L'enjeu est de permettre à tous de s'ouvrir à ces possibles, de favoriser des productions locales proposant qualité environnementale et sociale, de faire mieux avec moins, de mieux gérer les infrastructures, réseaux et services publics au bénéfice des citoyens, de s'inscrire dans l'économie du partage. La dimension « smart » devient  la capacité à décloisonner, ouvrir, relier, partager, créer, redonner des capacités d'action pour nous permettre de nous adapter aux changements.

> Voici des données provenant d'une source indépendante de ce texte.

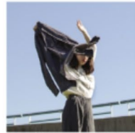
Aug. 2019. Conjunto parazon saco trama sobre telas de Algodón.

En donnant aux consommateurs des outils qui les transforment en producteurs, on transforme radicalement le marché aussi bien que l'économie qui en vit. Le territoire peut accompagner la multiplication des formes de créativité et des capacités de production, des nœuds de créativité, des lieux où les idées se forment et grandissent avant d'évoluer vers une forme commerciale. Et si ceci était la base de ce nouveau modèle de société où nous pourrions tous devenir producteurs, apprendre par et avec les autres ? Nous passons de consommateurs passifs à celui de contributeur depuis la production mais aussi dans la distribution et dans l'orientation.

 Un nouveau contrat social

Le « «local » deviendrait un projet vertueux de confrontation avec le « global », affirmation d'identités culturelles. L'accès à ces opportunités peut être facilité par des mouvements dans la gastronomie tels que « Slow Food » dans la dans lequel le consommateur devient co-producteur ou par la désintermédiation de la distribution avec « La Ruche qui dit oui » ou le « chapeau de paille », et de manière générale par une meilleure information concernant le coût social, sanitaire et environnemental de ces perspectives.

Comme l'envisage la Finlande, pour accompagner ce nouveau contrat social, il faudra peut-être en passer par une forme de revenu universel remplaçant les aides sociales et retraites de base et support pour accompagner les réformes nécessaires. Cela rejoint la réforme de la formation professionnelle qui vise à replacer l'individu au centre.

La perspective « smart city » doit aujourd'hui être l'opportunité de développer plus de résilience, c'est-à-dire des capacités d'adaptation et de rebond des sociétés, des territoires, des organisations, des individus. Il convient donc d'associer ceux qui vivent et font le territoire.